# Task requirements:
Return the listing verbatim, images left out.

# Information provided:
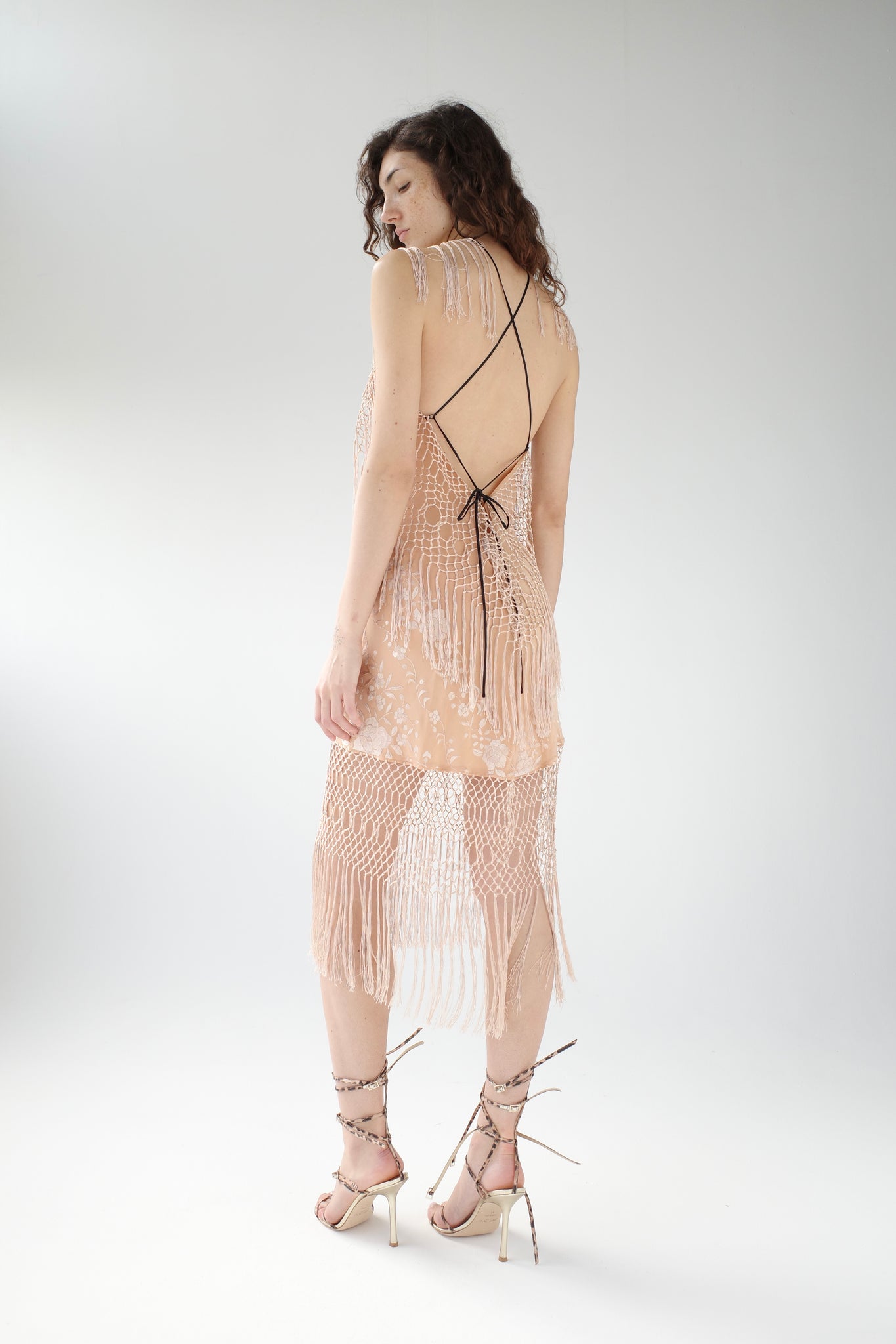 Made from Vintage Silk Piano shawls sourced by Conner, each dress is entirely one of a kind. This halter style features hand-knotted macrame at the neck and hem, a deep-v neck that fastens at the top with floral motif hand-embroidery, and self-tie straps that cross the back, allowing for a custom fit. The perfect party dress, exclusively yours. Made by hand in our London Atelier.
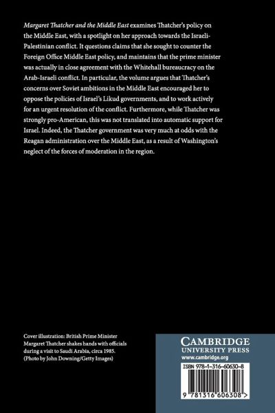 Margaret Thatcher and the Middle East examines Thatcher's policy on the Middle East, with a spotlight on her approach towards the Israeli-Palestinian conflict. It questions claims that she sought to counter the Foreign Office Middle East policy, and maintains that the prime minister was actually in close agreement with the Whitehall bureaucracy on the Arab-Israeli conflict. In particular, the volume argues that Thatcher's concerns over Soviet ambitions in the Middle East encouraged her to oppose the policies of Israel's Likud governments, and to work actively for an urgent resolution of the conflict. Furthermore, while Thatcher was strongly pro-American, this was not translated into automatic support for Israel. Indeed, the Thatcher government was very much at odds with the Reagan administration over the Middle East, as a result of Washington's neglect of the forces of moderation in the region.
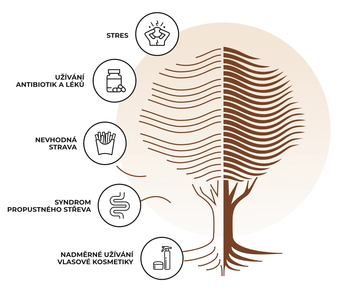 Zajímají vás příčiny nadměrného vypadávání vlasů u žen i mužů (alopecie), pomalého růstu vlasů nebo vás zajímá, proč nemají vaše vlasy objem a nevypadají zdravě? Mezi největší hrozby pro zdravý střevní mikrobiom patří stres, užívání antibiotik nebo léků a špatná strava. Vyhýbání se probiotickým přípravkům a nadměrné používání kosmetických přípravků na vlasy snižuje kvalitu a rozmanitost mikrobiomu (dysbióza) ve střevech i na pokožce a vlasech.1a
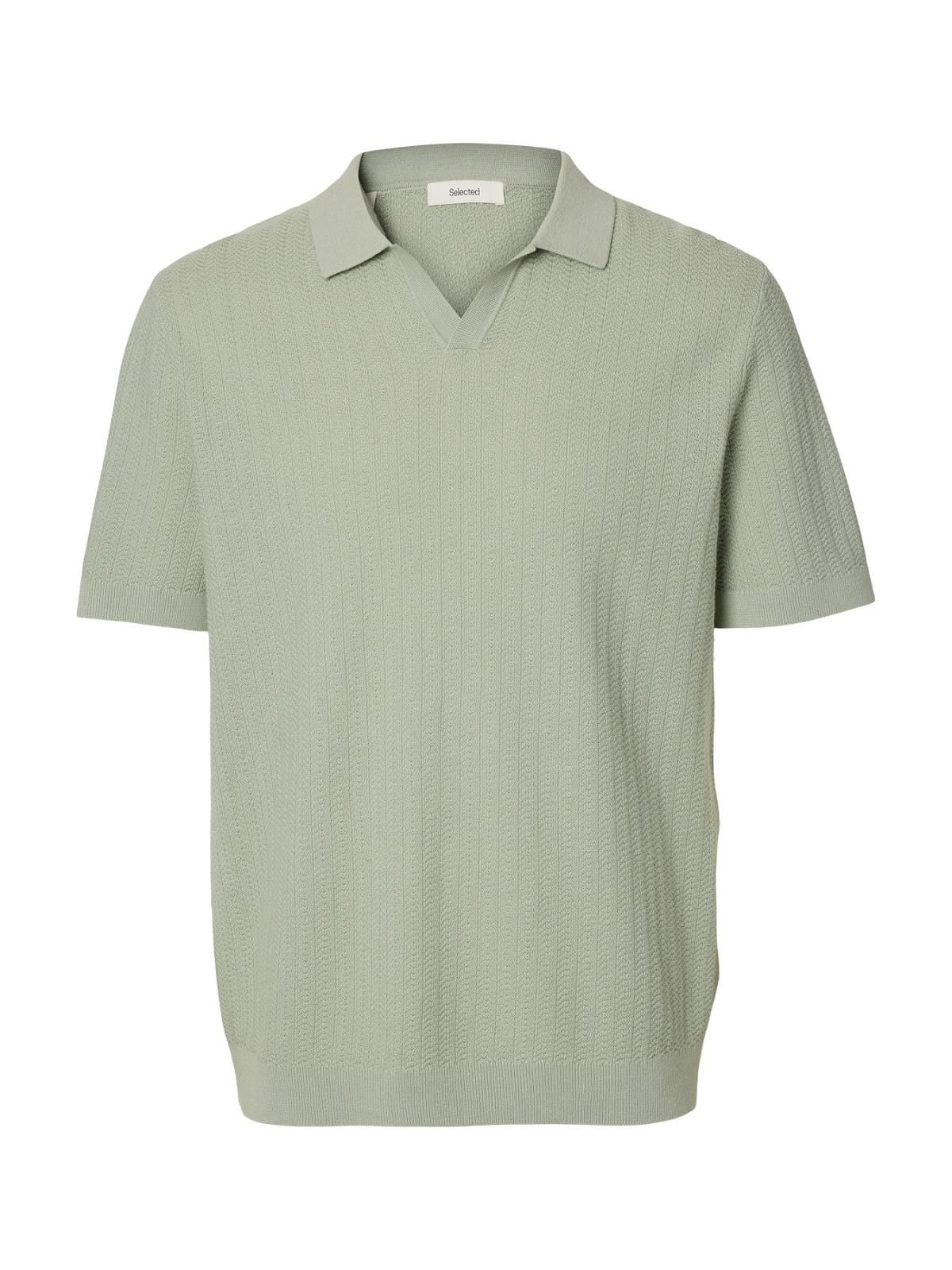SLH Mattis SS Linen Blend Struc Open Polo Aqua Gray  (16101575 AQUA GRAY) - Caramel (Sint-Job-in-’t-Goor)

# Answer box:
 Made from Vintage Silk Piano shawls sourced by Conner, each dress is entirely one of a kind. This halter style features hand-knotted macrame at the neck and hem, a deep-v neck that fastens at the top with floral motif hand-embroidery, and self-tie straps that cross the back, allowing for a custom fit. The perfect party dress, exclusively yours. Made by hand in our London Atelier.
 Margaret Thatcher and the Middle East examines Thatcher's policy on the Middle East, with a spotlight on her approach towards the Israeli-Palestinian conflict. It questions claims that she sought to counter the Foreign Office Middle East policy, and maintains that the prime minister was actually in close agreement with the Whitehall bureaucracy on the Arab-Israeli conflict. In particular, the volume argues that Thatcher's concerns over Soviet ambitions in the Middle East encouraged her to oppose the policies of Israel's Likud governments, and to work actively for an urgent resolution of the conflict. Furthermore, while Thatcher was strongly pro-American, this was not translated into automatic support for Israel. Indeed, the Thatcher government was very much at odds with the Reagan administration over the Middle East, as a result of Washington's neglect of the forces of moderation in the region.
 Zajímají vás příčiny nadměrného vypadávání vlasů u žen i mužů (alopecie), pomalého růstu vlasů nebo vás zajímá, proč nemají vaše vlasy objem a nevypadají zdravě? Mezi největší hrozby pro zdravý střevní mikrobiom patří stres, užívání antibiotik nebo léků a špatná strava. Vyhýbání se probiotickým přípravkům a nadměrné používání kosmetických přípravků na vlasy snižuje kvalitu a rozmanitost mikrobiomu (dysbióza) ve střevech i na pokožce a vlasech.1a
SLH Mattis SS Linen Blend Struc Open Polo Aqua Gray  (16101575 AQUA GRAY) - Caramel (Sint-Job-in-’t-Goor)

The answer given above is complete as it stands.